Shaun Sarrett

Jacksonville Jaguars
- Title: Offensive line coach

Personal information
- Born: December 24, 1979 (age 46) Beckley, West Virginia, U.S.

Career information
- Position: Offensive guard
- High school: Woodrow Wilson (WV)
- College: Kent State

Career history
- Streetsboro High School (OH) (2004) Offensive line coach; Marshall (2005) Defensive quality control assistant; Marshall (2006–2007) Graduate assistant; Duke (2008–2011) Offensive quality control assistant; Pittsburgh Steelers (2012–2017) Offensive assistant; Pittsburgh Steelers (2018) Assistant offensive line coach; Pittsburgh Steelers (2019–2020) Offensive line coach; Los Angeles Chargers (2021–2023) Assistant offensive line coach; Minnesota Vikings (2024) Assistant offensive line coach; Jacksonville Jaguars (2025–present) Offensive line coach;

= Shaun Sarrett =

American football coach (born 1979)

Shaun Sarrett (born December 24, 1979) is an American football coach who is currently the offensive line coach for the Jacksonville Jaguars of the National Football League (NFL). He previously served as the assistant offensive line coach for the Minnesota Vikings of the National Football League (NFL), the assistant coach for Marshall and Duke before joining the Steelers as an offensive assistant in 2012. He played college football at Kent State.

== Personal life and playing career ==
A native of Beckley, West Virginia, Sarrett played guard at Kent State University. He earned the nickname "Sweet Feet" after a teammate at Kent State noticed that his footwork was above average. He graduated from Kent State in 2004 with a degree in health education.

== Coaching career ==
After his playing career at Kent State, Sarrett received no offers to play pro football, so he decided to pursue a coaching career. He began at Streetsboro High School, a high school less than seven miles away from Kent State coaching the offensive and defensive line as well as the co-strength coach. He spent one season in that role before joining the coaching staff at Marshall in 2005, working with the defensive line as the defensive quality control and graduate assistant before switching to a graduate assistant on offense in 2006. He was hired to work at Duke in 2008 on David Cutcliffe's staff as an offensive quality control working with the offensive line.

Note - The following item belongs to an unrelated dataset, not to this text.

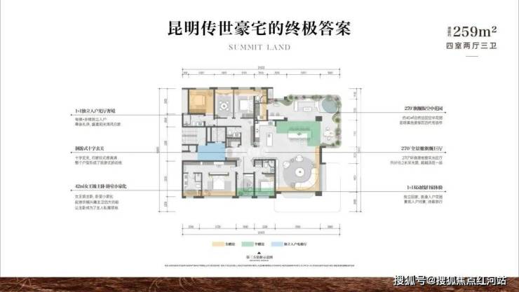 建面 259㎡实得约 333㎡,含 270° 环幕厅、约 53㎡空中花园、42㎡超大主卧套房;以下分别是偶数层和奇数层户型:

Sarrett was hired by the Pittsburgh Steelers in 2012 as an offensive assistant. He was hired by Steelers head coach Mike Tomlin after his interview where former Kent State teammate and Steelers linebacker James Harrison recognized him and asked "What are you doing here, Sweet Feet?". He was promoted to assistant offensive line coach in 2018, and offensive line coach in 2019 after Mike Munchak left to join the Denver Broncos coaching staff. Sarrett's contract was not renewed after the 2020 season.